Isfahan was once one of Central Asia's largest and most important cities, positioned at the crossroads of the main north-south and east-west trade routes. The city was the splendid capital of the Seljuq and Safavid dynasties and is renowned for its beauty, which has given rise to the Iranian saying that “Isfahan is half the world.”
Commerce has always been central to the growth of Isfahan, to the extent that the Safavid Shah Abbas I (1588-1629) effectively re-routed the Silk Road through Isfahan and made the city his capital so that his empire would enjoy a trading monopoly. By the seventeenth century, the city attracted not only European merchants but also missionaries and mercenaries, as it became a religiously tolerant center of mercantile and diplomatic activity in which merchants and travelers from a variety of cultures and religions rubbed shoulders.

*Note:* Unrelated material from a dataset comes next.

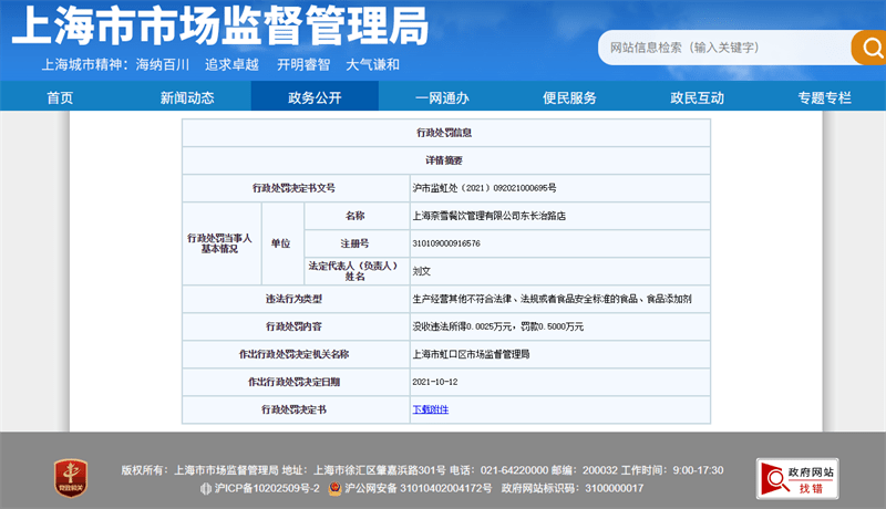 据上海市市场监督管理局网站消息,2021年10月,上海奈雪餐饮管理有限公司东长治路店(以下简称“奈雪的茶东长治路店”)因被抽样的金色山脉宝藏茶的菌落总数项目不合格,违反了《中华人民共和国食品安全法》相关规定,构成了经营不符合食品安全标准的食品的行为,被上海市虹口区市场监督管理局罚款5000元,并没收违法所得25元。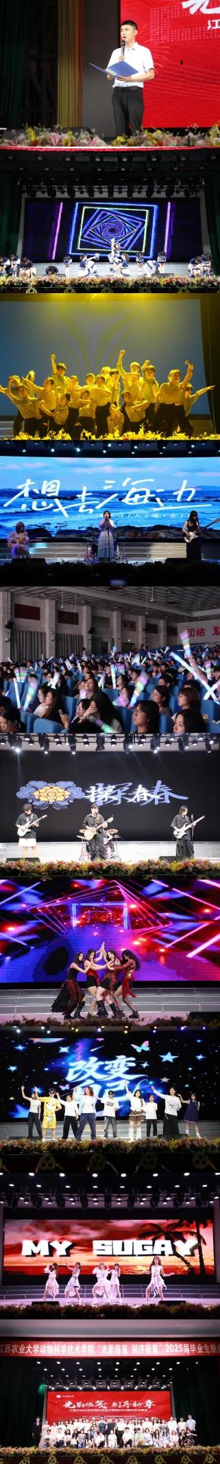 整场晚会分为《光影信笺》《夏至未央》《别序新章》三大篇章。《下一个天亮》《我们的明天》《夏至未至》和《像你这样的朋友》等曲目韵律十足,扣人心弦;《“橙风”破浪》《toxic》《改变自己》《smart》和《strategy》以铿锵鼓点搭配灵动舞姿,燃爆全场;《绳环奇术》《当考试还剩15分钟》和《我与江农的四年之约》幽默诙谐,掌声不断;乐队《想去海边》和《探春TANCHUN》用深情嗓音传递信念,收获阵阵喝彩。最后,教师合唱《明天会更好》为晚会画上圆满句号。

Isfahan first rose to international prominence as the capital of the great Seljuq Empire (1038-1194), which stretched from Central Asia to Syria. The Seljuqs had a huge impact on the cultural and architectural development of the city, and the consolidation of their empire was also significant in unifying a territory that had been competed for by diverse ethnic groups in central Asia for centuries.
Shah Abbas I, who reigned from 1588 to 1629, made the decision to move the capital from Qazvin to Isfahan in 1590, motivated both by the city's enormous economic potential and position at the crossroads of trade and by concerns for security, given its central location at a safe distance from troubled borderlands. Favorable historical associations also set Isfahan apart from other Iranian cities – as the Seljuq capital, it associated Abbas with an illustrious past dynasty.
The Safavids were a local Iranian dynasty. It was not until the reign of Shah Abbas I that the city was renovated in a style that broke with Seljuq tradition, with the construction of many of the monuments and buildings for which Isfahan is renowned today. Wealth and labor were used to build bridges, roads, and caravanserais to encourage and facilitate trade. The imperial household was transferred there, and followed by merchants and artisans who relocated along with them.